The first thing you should do is go to the fabric store and buy about three yards of a medium-weight knit fabric with about 40% stretch. Then you should machine wash and dry it. The fabric I am using is a 100% polyester knit that has sort of a quilted texture to it. I washed it on a cold setting with some gentle soap. Then print out this Fit-and-Flare Dress PDF Booklet and follow the instructions to draft the bodice of the dress.

Cut Fabric Pieces
First cut out the rectangles for the skirt. Do this first to be sure that you have enough fabric.

Next cut out the bodice pieces on a fold; fold the fabric in half along the grain. The grain is the “long” direction of the fabric. It is the direction with the least amount of stretch and is parallel to the selvedge. Place Line A to B on the fold and cut. Do this twice so you have a front and a back to the bodice.

Finally cut out the pocket pieces. Your pattern pieces should look like this:

Bodice Construction
Pin the bodice pieces with right sides together. Sew along the side seams and shoulder seams. Sew across the shoulder seam with one straight seam and then with a zig zag seam (over the straight seam) to reinforce it.

Now try on the bodice. How does it look? Is it loose in places? It might be; in this case you can decide where to take it in. You might want to take some fabric out at the side seams. If the bodice looks like a cropped tank top, then good job. You are on the right track!

When the bodice fits you well, move on to the neck and arm holes. Turn the fabric under ¼” (toward the wrong side of the bodice) and topstitch in place.

Skirt Construction
Sew the pockets on to the skirt. Match the corner of one pocket piece to the corner of the top of the skirt, right sides together. Sew along the side seam.

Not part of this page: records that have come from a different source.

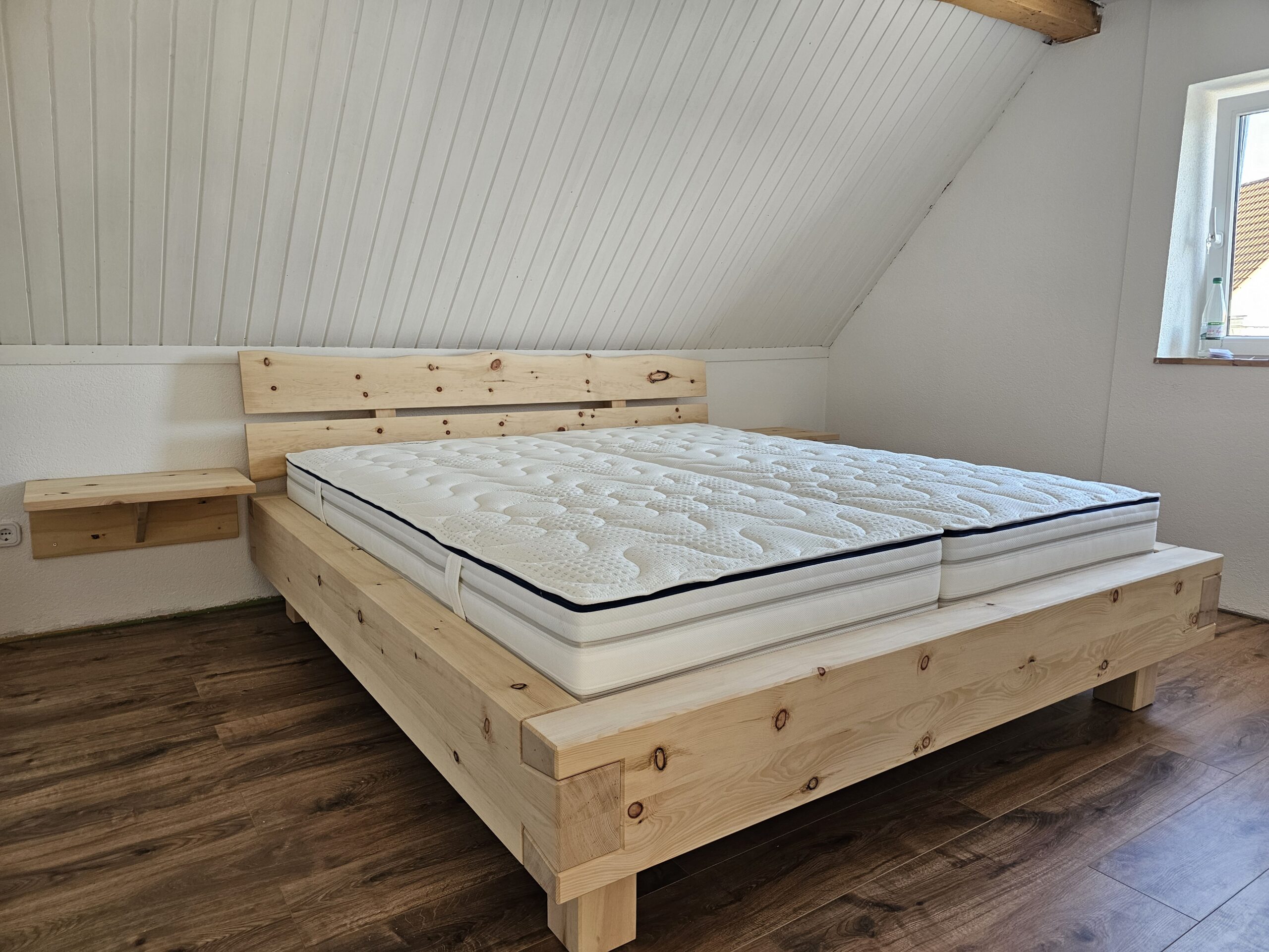 Das Holz ist reich an ätherischen Ölen, welche die Entspannung fördern und somit den Schlaf verbessern sollen. Zusätzlich sorgen diese Öle für einen wunderbar angenehmen Duft, weshalb die Oberfläche des Bettes mit einer speziellen Zirbelseife behandelt wurde, um die Holzporen nicht zu verschließen und langfristig von dem Duft und den positiven Effekten des Holzes zu profitieren. Passend zum Bett wurden noch 2 Nachttische aus Zirbelkiefer rechts und links an der Wand montiert.
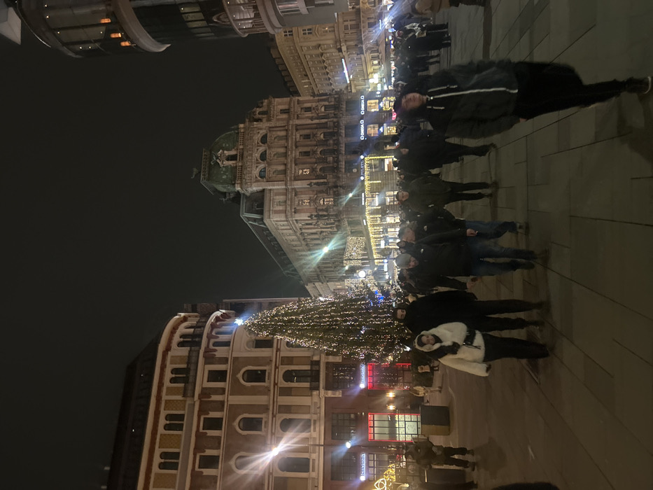 At night, a bustling city street is illuminated by lights strung across buildings and a large Christmas tree. People stroll along the sidewalk, some dressed in winter coats and hats. Buildings line the street, including one with a distinctive dome. The sky is dark, suggesting it is late in the evening. A modern building is partially visible in the top left.
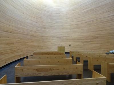 入口は端の黒い部分。小部屋の中にスタッフがいて、教会内に誘導してくれます。教会内は木材オンリーで非常にシンプル。屋根に円形に隙間のような窓があり、自然光でとても明るい。不思議な教会でした。- 旅行時期
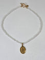 Bright, delicate, and quietly radiant. The Imitation Pearl Sacred Medal Necklace features lustrous imitation pearls that shimmer beautifully in the light, paired with a gold oval religious medallion. A soft, graceful piece that brings refined elegance to any look.
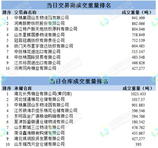 地產(chǎn)棉成交7429.178噸,成交率36.36%,成交均價(jià)13676元/噸,平均加價(jià)107元/噸,最高成交價(jià)15030元/噸,最低成交價(jià)12970元/噸;新疆棉成交9568.75噸,成交率100%,成交均價(jià)14314元/噸,平均加價(jià)675元/噸,最高成交價(jià)15910元/噸,最低成交價(jià)13520元/噸。
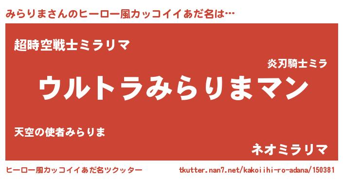 | 意味不明あだ名 | 『みらりまフォーエバー』『自称みらりま』 |
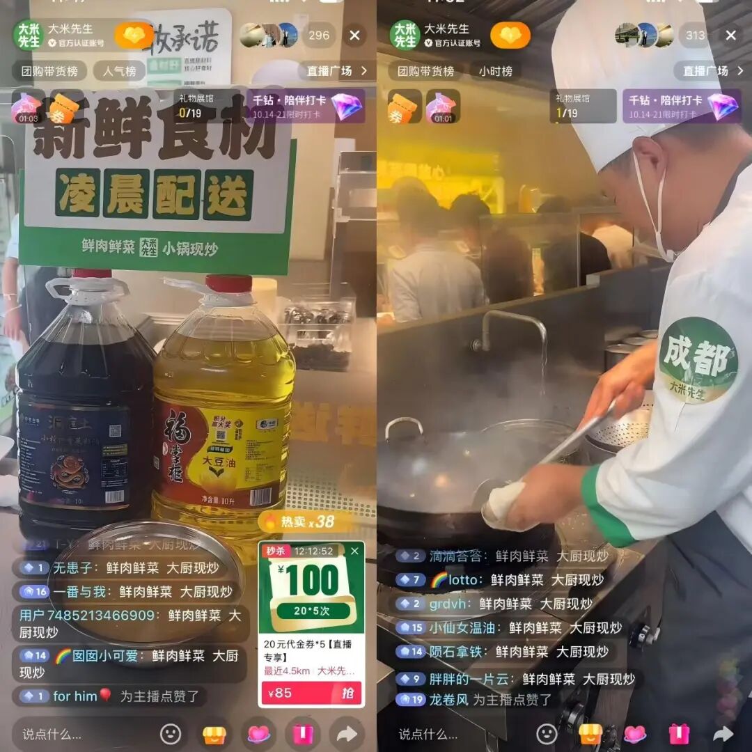 “我们的牛肉、梅花肉都很新鲜,家里用的是什么调料,我们就用什么调料,隔夜饭不可能出现。”在大米先生的抖音直播间内,主播一边展示着自家的“明厨亮灶”,另一边BGM是锅铲与锅碰撞出的“铛铛”声。
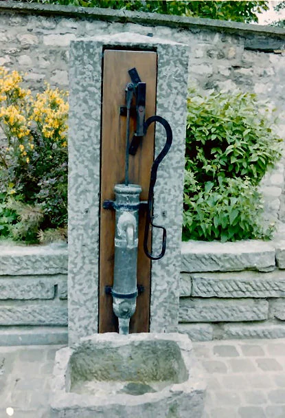 En 1842, quatre pompes publiques sont installées à Jodoigne pour satisfaire les exigences en eau des habitants. Elles sont constituées d’un beau bloc monolithe de pierre bleue où le mécanisme de la pompe est adossé.
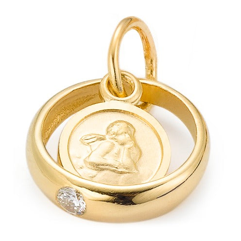 Bague de baptême Or jaune 18K Diamant blanc, 0.01 ct, p1 Ange gardien Ø10 mm
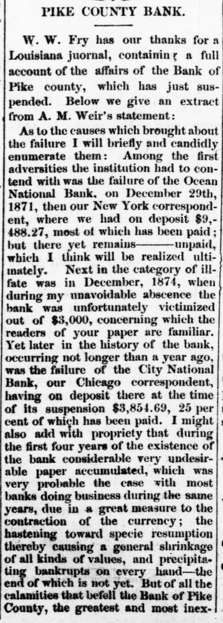 # PIKE COUNTY BANK. W. W. Fry has our thanks for a Louisiana juornal, containing a full account of the affairs of the Bank of Pike county, which has just suspended. Below we give an extract from A. M. Weir's statement: As to the causes which brought about the failure I will briefly and candidly enumerate them: Among the first adversities the institution had to contend with was the failure of the Ocean National Bank, on December 29th, 1871, then our New York correspondent, where we had on deposit $9,488.27, most of which has been paid; but there yet remains—unpaid, which I think will be realized ultimately. Next in the category of ill-fate was in December, 1874, when during my unavoidable abscence the bank was unfortunately victimized out of $3,000, concerning which the readers of your paper are familiar. Yet later in the history of the bank, occurring not longer than a year ago, was the failure of the City National Bank, our Chicago correspondent, having on deposit there at the time of its suspension $3,854.69, 25 per cent of which has been paid. I might also add with propriety that during the first four years of the existence of the bank considerable very undesirable paper accumulated, which was very probable the case with most banks doing business during the same years, due in a great measure to the contraction of the currency; the hastening toward specie resumption thereby causing a general shrinkage of all kinds of values, and precipitating bankrupts on every hand—the end of which is not yet. But of all the calamities that befell the Bank of Pike County, the greatest and most inex-
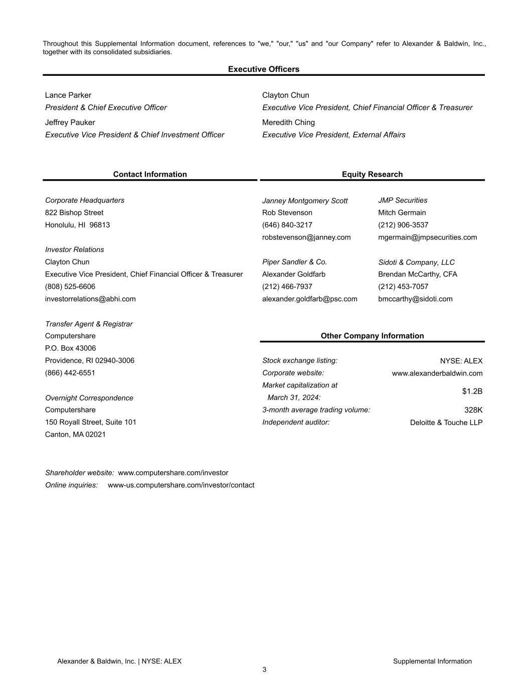 在本补充信息文件中,对“我们”、“我们的”、“我们”和“我们的公司”的提及是指Alexander & Baldwin, Inc.,连同其合并子公司。执行官Lance Parker Clayton Chun总裁兼首席执行官执行副总裁、首席财务官兼财务主管Jeffrey Pauker Meredith Ching执行副总裁兼首席投资官执行副总裁,对外事务联系信息Equity Research Corporation Headquarters Janney Montgomery Scott JMP Securities 822 Bishop Street Rob Stevenson Mitch Germain Honolulu,HI 96813(646)840-3217(212)906-3537 robstevenson@janney.com mgermain@jmpsecurities.com投资者关系Clayton Chun丨Piper Sandler Piper Sandler & Co. Sidoti & Company,LLC执行副总裁、丨首席财务官首席财务官 &财务主管Alexander Goldfarb Brendan McCarthy,CFA(808)525-6606(212)466-7937(212)453-7057investorrelations@abhi.com alexander.goldfarb@psc.com bmccarthy@sidoti.com转让代理和注册商Computershare其他公司信息P.O. Box 43006 Providence,RI 02940-3006证券交易所上市:NYSE:ALEX(866)442-6551公司网站:www.alexanderbaldwin.com市值$ 1.2B隔夜通讯2024年3月31日:Computershare 3个月平均交易量:328K 150 Royall Street,Suite 101独立审计师:Deloitte & Touche LLP Canton,MA 02021股东网站:www.computershare.com/investor在线查询:www-us
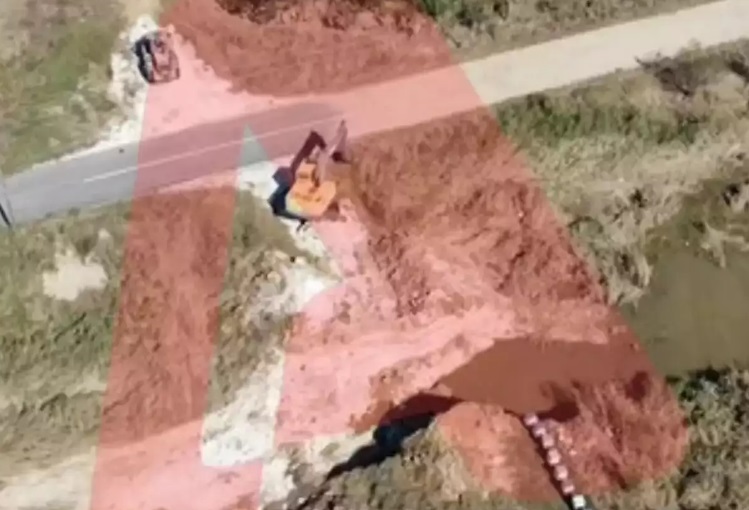 Δείτε λοιπόν την αποκαλυπτική εικόνα που έχει καταγράψει drone στη γέφυρα του ποταμού Καλέντζη λίγο έξω από τον Παλαμά, όπου φαίνεται πως στο ανάχωμα που κρατάει τα νερά του ποταμού υπάρχει ένα μεγάλο σκάμμα που το κόβει στη μέση και δίπλα ακόμα το χωματουργικό μηχάνημα!
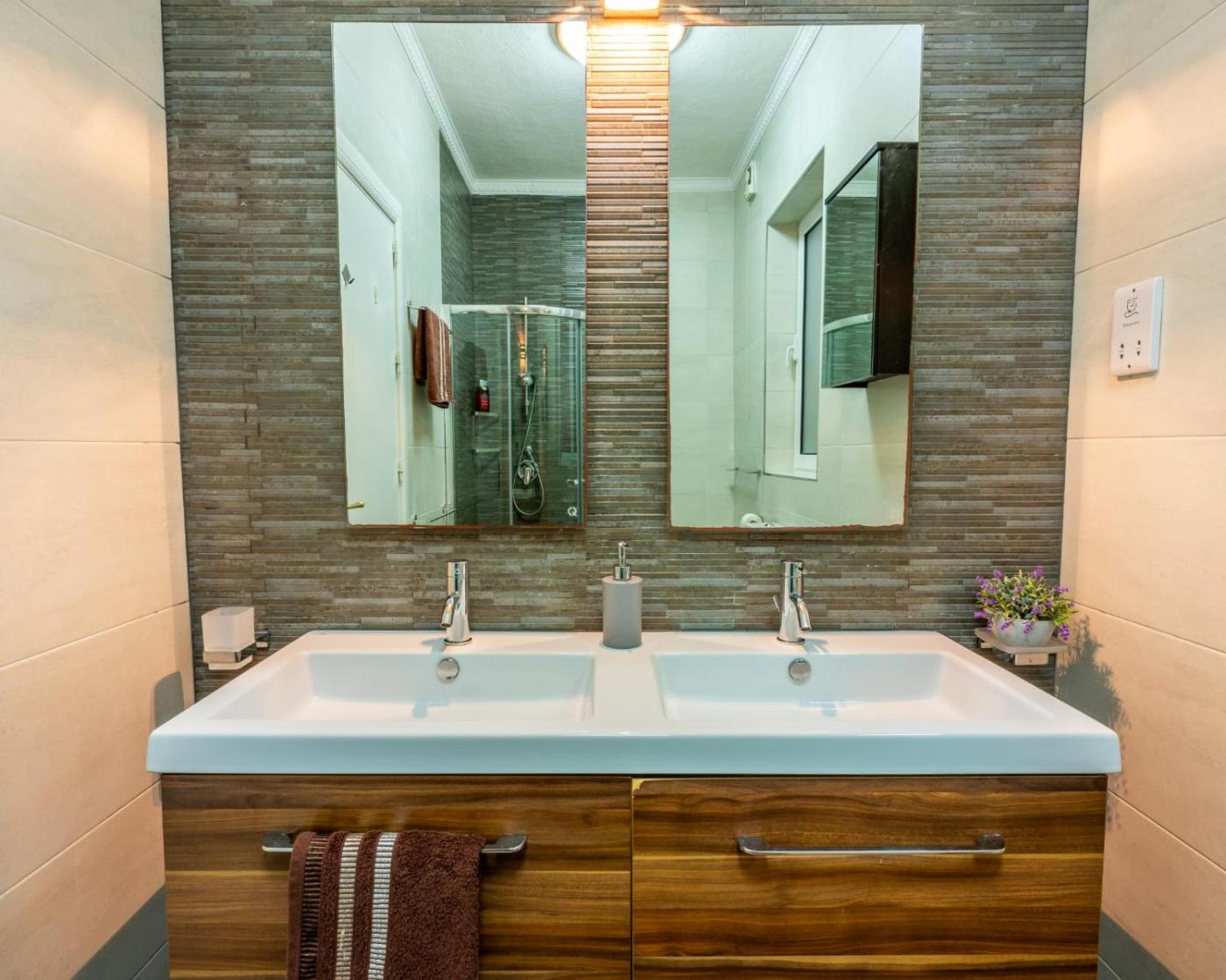 Three-Bedroom Apartment. This spacious apartment is comprised of 3 bedrooms, kitchen, a terrace and 2 bathrooms with a bath. The well-fitted kitchen features a refrigerator, a dishwasher, kitchenware and an oven. The air-conditioned apartment offers a flat-screen TV with streaming services, a washing machine, a tea and coffee maker, a dining area as well as sea views. The unit offers 4 beds.
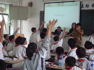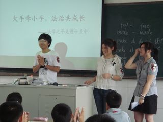 当天下午,志愿者们一行18个人在光华法学院团委书记吴卫华老师、团委书记助理成晓鹏老师的带领下来到杭州市十五中西溪校区。十五中的团委书记包宏老师到大门口热情迎接了我们的志愿者们。

Do this for all four pocket pieces. You should have two “puppy-eared” skirt pieces that look like this:

Place these right sides together and sew 3/8″ from the outer edge of the fabric. Start at the top of the pocket pieces, then sew around the pockets and down the side of the skirt under the pocket. This is shown by the pins in the picture below.

Press side seams open. Check that your hand fits into the pocket.

Baste both pockets flat to the front of the skirt.

Turn the bottom edge of your skirt up 1″ and hem. If you have a serger you can serge the bottom edge before hemming.

Putting It Together
Now you need to attach your skirt to your bodice.

You can gather your skirt in one of two ways:
Option 1: Gathers
Run a basting stitch at ¼ from the top of the skirt and leave your thread long at the ends of the seam. Pull on the thread ends to gather the skirt till the skirt is the size of the opening at the bottom of your bodice. If you gather your skirt, it will look like this:

Option 2: Pleats
Try on the skirt and pin some pleats into place until the top of the skirt is the size of the opening at the bottom of your bodice. I chose Option 2 because I used a pretty stiff fabric, but Option 1 is better for thinner fabrics. Here are my pleats.



Place the bodice inside the skirt, right sides together, and baste them together at the waist.

Turn the dress right side out and make any adjustments you need. You should be able to pull the dress over your head to put it on and take it off. When you’re happy with how the skirt and bodice are attached, it is time to sew on the elastic.

Take your elastic and measure a piece the circumference of your waist. Use a zig-zag stitch to attach the elastic over the basting stitch, and pull out the basting stitch. Pull on the elastic slightly as you sew. The elastic will help keep the waist of your dress from stretching out every time you put it on and take it off.

Turn it right side out, try it on and make any final adjustments. That’s it! Now go run around town with your cell phone in your pocket feeling cool and looking cute!

Here’s the back of my dress.

Here is the front.

Great job hanging in there through that long tutorial. You have my permission to do a happy dance, because you just drafted and constructed your very own Fit-and-Flare Dress with pockets.